All of lore.kernel.org
 help / color / mirror / Atom feed
From: Peter Zijlstra <peterz@infradead.org>
To: Tim Murray <timmurray@google.com>
Cc: Waiman Long <longman@redhat.com>,
	Christoph Hellwig <hch@infradead.org>,
	Jaegeuk Kim <jaegeuk@kernel.org>,
	LKML <linux-kernel@vger.kernel.org>,
	linux-f2fs-devel@lists.sourceforge.net,
	Ingo Molnar <mingo@redhat.com>, Will Deacon <will@kernel.org>,
	Boqun Feng <boqun.feng@gmail.com>
Subject: Re: [PATCH] f2fs: move f2fs to use reader-unfair rwsems
Date: Wed, 12 Jan 2022 15:06:12 +0100	[thread overview]
Message-ID: <Yd7gVLdHW11TQUAi@hirez.programming.kicks-ass.net> (raw)
In-Reply-To: <CAEe=SxnWeK0pSfijPKJSTxBiMgD1Ev69fV3qSTCgWASk0b3vhA@mail.gmail.com>

On Mon, Jan 10, 2022 at 11:41:23AM -0800, Tim Murray wrote:

> 1. f2fs-ckpt thread is running f2fs_write_checkpoint(), holding the
> cp_rwsem write lock while doing so via f2fs_lock_all() in
> block_operations().
> 2. Random very-low-priority thread A makes some other f2fs call that
> tries to get the cp_rwsem read lock by atomically adding on the rwsem,
> fails and deschedules in uninterruptible sleep. cp_rwsem now has a
> non-zero reader count but is write-locked.
> 3. f2fs-ckpt thread releases the cp_rwsem write lock. cp_rwsem now has
> a non-zero reader count and is not write-locked, so is reader-locked.
> 4. Other threads call fsync(), which requests checkpoints from
> f2fs-ckpt, and block on a completion event that f2fs-ckpt dispatches.
> cp_rwsem still has a non-zero reader count because the low-prio thread
> A from (2) has not been scheduled again yet.
> 5. f2fs-ckpt wakes up to perform checkpoints, but it stalls on the
> write lock via cmpxchg in block_operations() until the low-prio thread
> A has run and released the cp_rwsem read lock.
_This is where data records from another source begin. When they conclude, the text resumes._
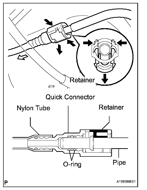- After installing the tube joint clip, check if the fuel joint is securely connected by pulling it.
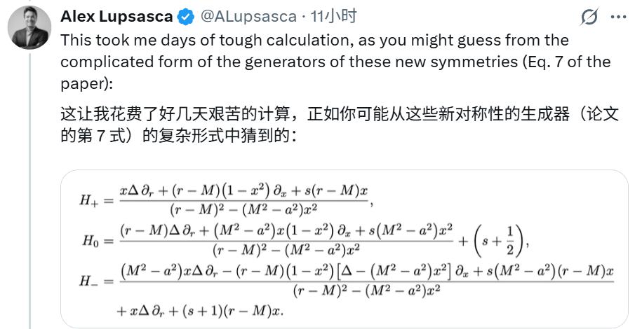 Lupsasca 本人表示,一旦这些对称性被知晓,要揭示其物理意义相对容易,但「最困难的部分是找到它们精确的数学形式(甚至确定它们是否存在)」。他表示,这个过程花费了他「数天时间的艰苦计算」,其结果的复杂性从论文中的公式就可见一斑。
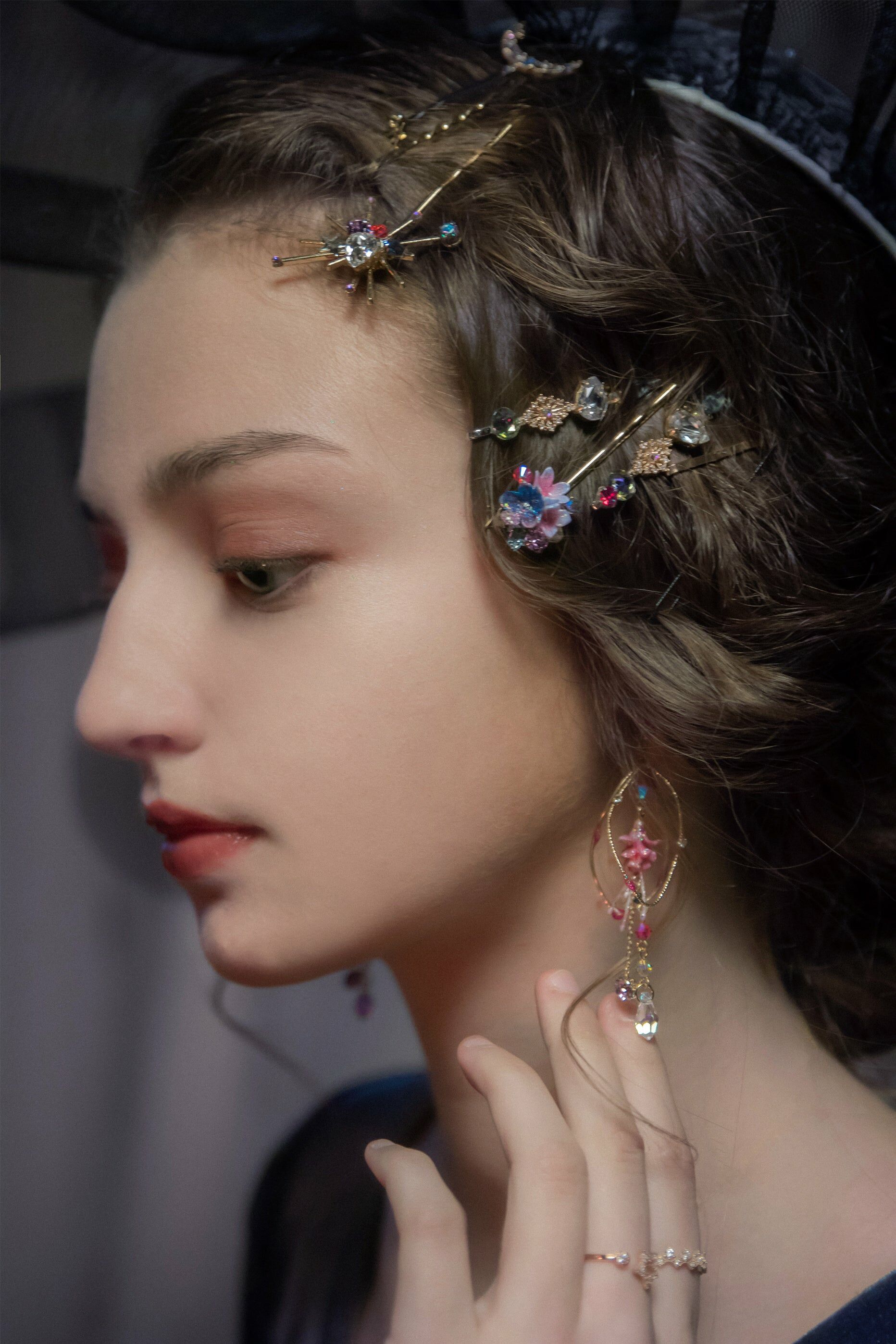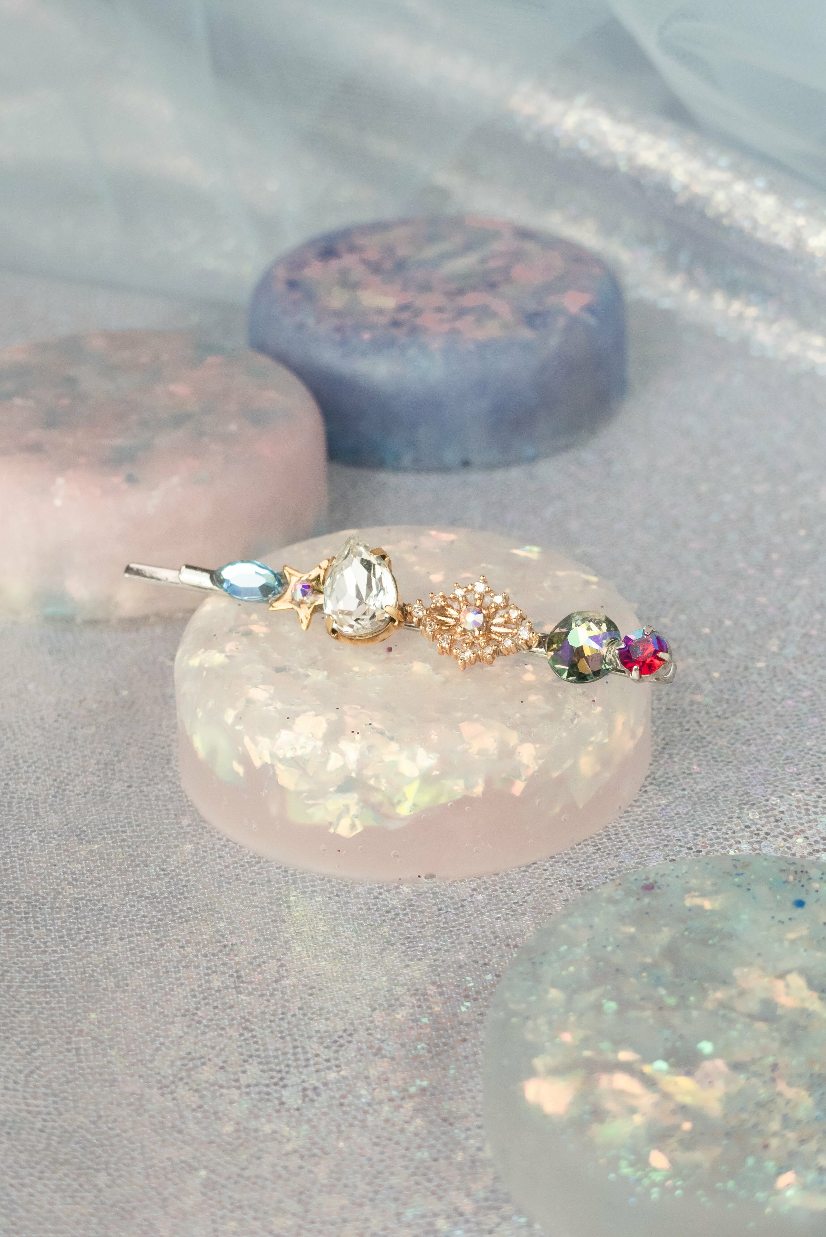 鍍金銀線 | 施華洛世奇水晶 | 日本鋯石 | 手製樹脂黏土花 | 幻彩樹脂膠 | UV膠強化保護層 | 鍍金髮夾
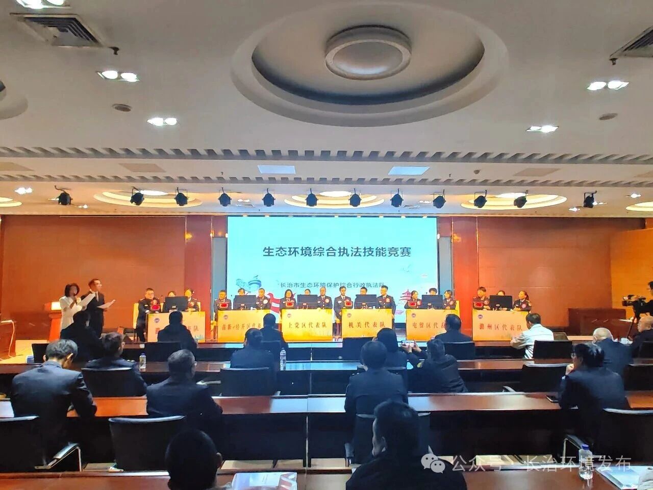 12月30日,为持续加强生态环境保护综合行政执法队伍规范化建设,全面提升执法人员业务素养和实战能力,充分展现生态环境执法铁军的过硬作风与良好风貌,长治市生态环境局联合市总工会共同举办生态环境综合执法技能竞赛。市生态环境局党组成员、副局长郭响平,市生态环境局党组成员、市生态环境保护综合行政执法队队长郭联宏,潞城区人民政府副区长张永刚,市总工会相关负责同志出席活动。
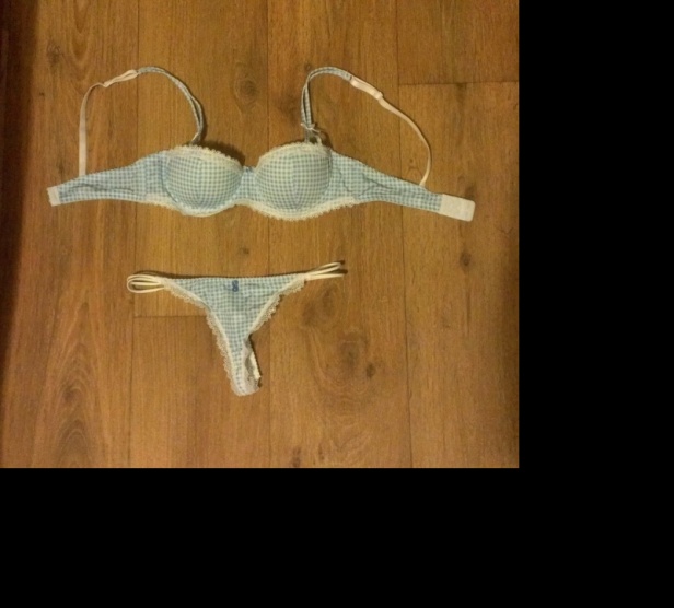 Krásný set spodního prádla ve světle modré kostce, pouze odzkoušené! Nenošené.
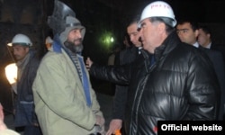 Тәжікстан президенті Эмомали Рахмон "Рогун" электр станциясындағы сапарында.
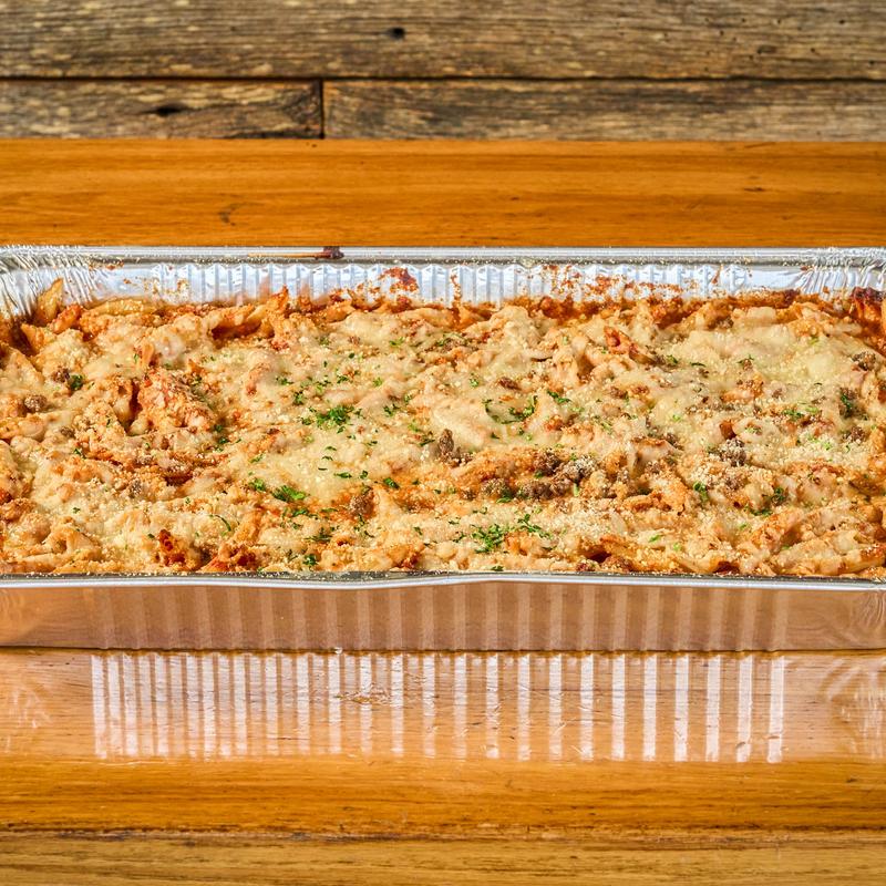 Penne pasta in marinara baked with provolone. Vegetarian or with meat sauce baked with provolone.
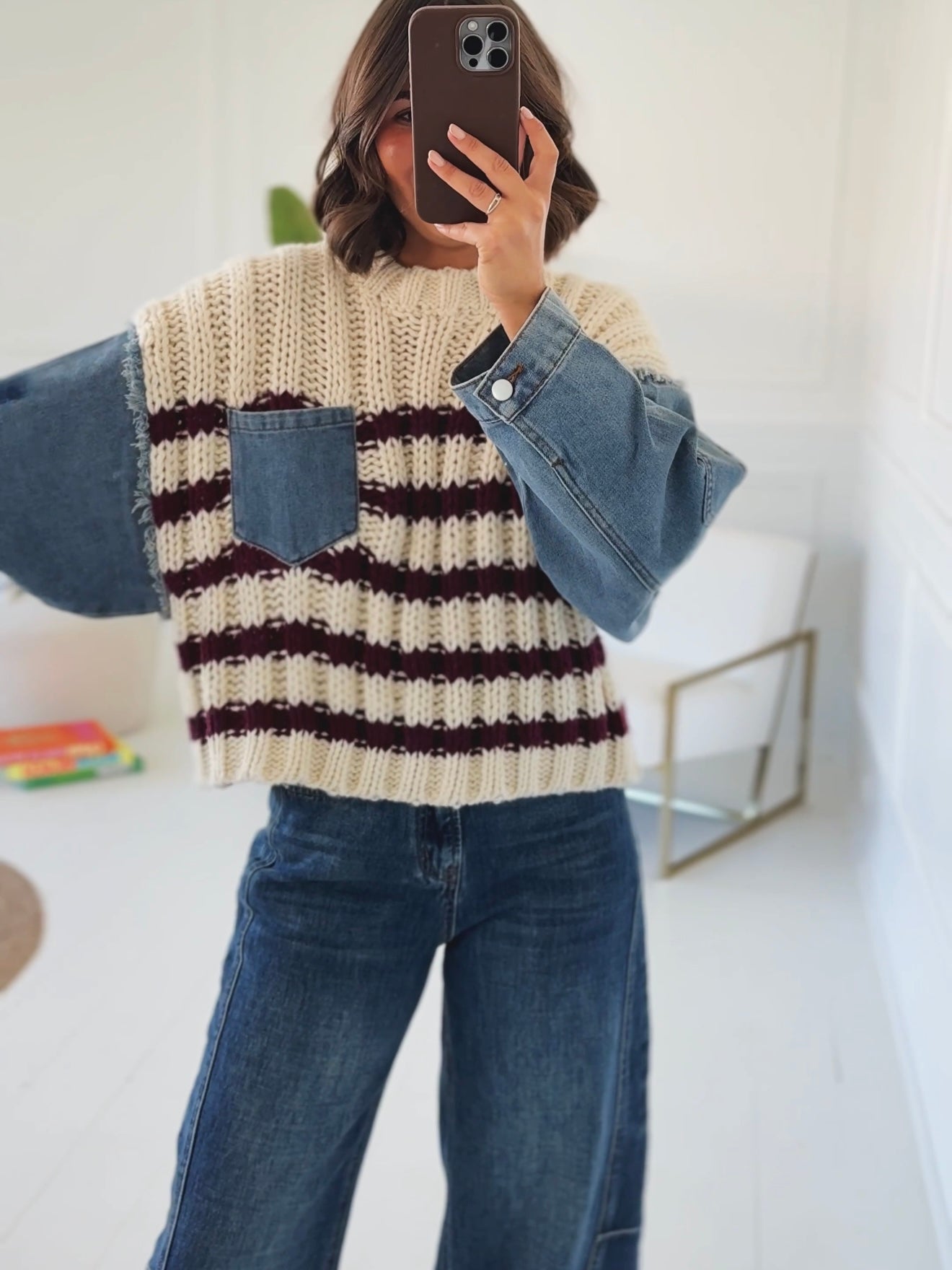 Pull OXFORD rayé avec ses manches en jean
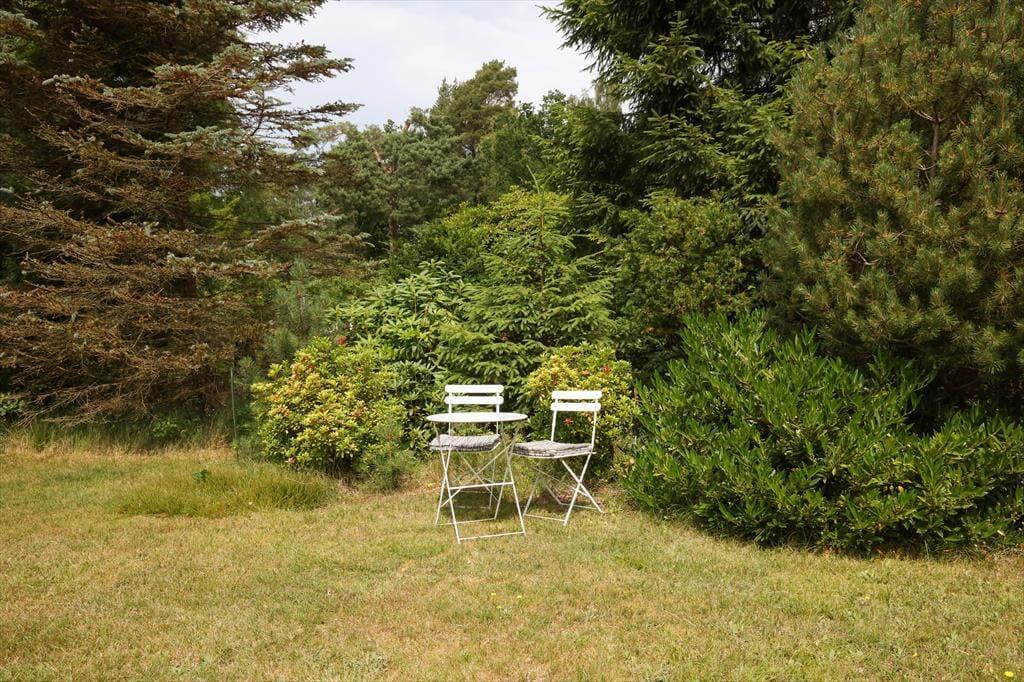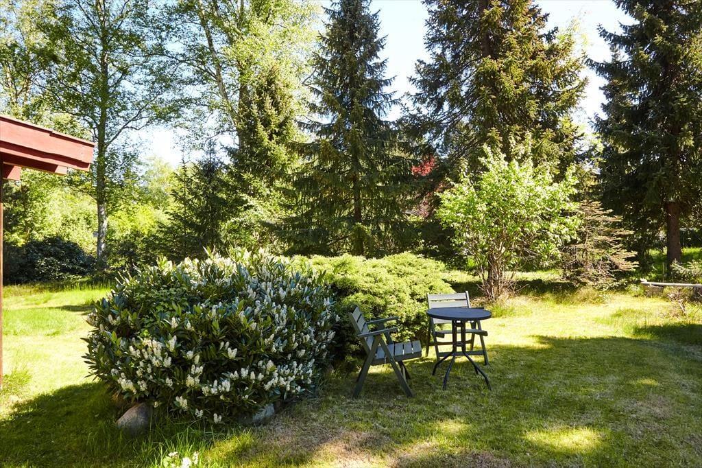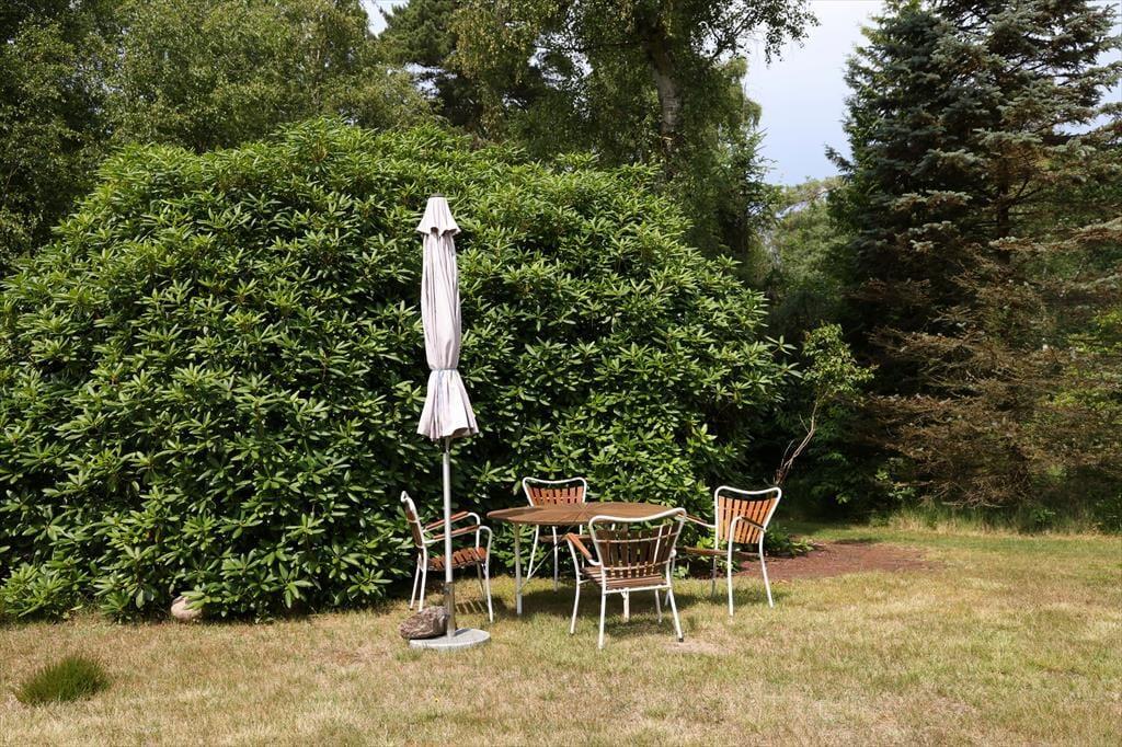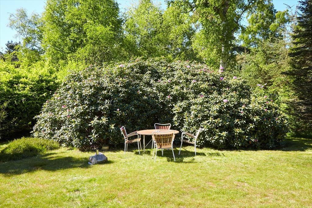 Den store naturgrund har fem steder, hvor du kan nyde udendørslivet, hvad enten det er efter et spil badminton, stangtennis eller kroket. Skulle vejret drille, er de to overdækkede terrasser perfekte til at finde ly og læ, samtidig med at du kan forlænge dagen med en hyggelig aftenstund. Grunden byder på varieret natur med blomster og mulighed for at dvæle ved biodiversiteten.
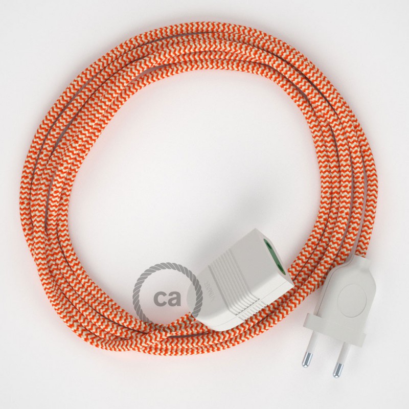 El alargador con cable Redondo RZ15 Efecto Seda ZigZag Blanco Naranja de Creative-Cables lleva la corriente eléctrica donde tu quieras y es perfecto para cualquier dispositivo con un clavija con 2 polos: conectar el ordenador portátil, recargar el teléfono móvil o el tablet va a ser mucho más fácil, cómodo y colorado.
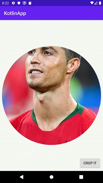 <?xml version="1.0" encoding="utf-8"?> <RelativeLayout xmlns:android="http://schemas.android.com/apk/res/android" xmlns:tools="http://schemas.android.com/tools" android:layout_width="match_parent" android:layout_height="match_parent" android:background="#edf2ea" android:padding="8dp" tools:context=".MainActivity"> <ImageView android:id="@+id/iv" android:layout_width="match_parent" android:layout_height="500dp" android:layout_centerInParent="true" /> <Button android:id="@+id/btn" android:layout_width="wrap_content" android:layout_height="wrap_content" android:layout_alignParentEnd="true" android:layout_alignParentBottom="true" android:text="Crop It" /> </RelativeLayout>
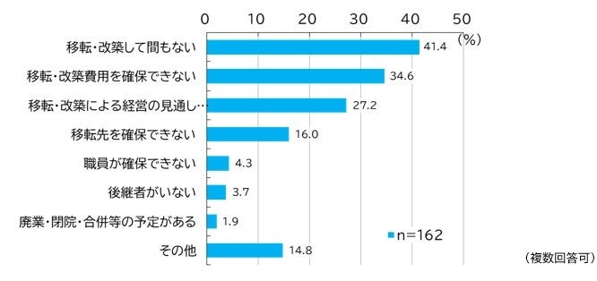 移転・改築済みとする病院が67病院(41.4%)ある一方、経営状況悪化・将来見通しが立たない とそれぞれ約30%病院が回答した。

Because f2fs-ckpt can't
> run, all fsync() callers are also effectively blocked by the
> low-priority thread holding the read lock.
> 
> I think this is the rough shape of the problem (vs readers holding the
> lock for too long or something like that) because the low-priority
> thread is never run between when it is initially made runnable by
> f2fs-ckpt and when it runs tens/hundreds of milliseconds later then
> immediately unblocks f2fs-ckpt.

*urgh*... so you're making the worst case less likely but fundamentally
you don't change anything.

If one of those low prio threads manages to block while holding
cp_rwsem your checkpoint thread will still block for a very long time.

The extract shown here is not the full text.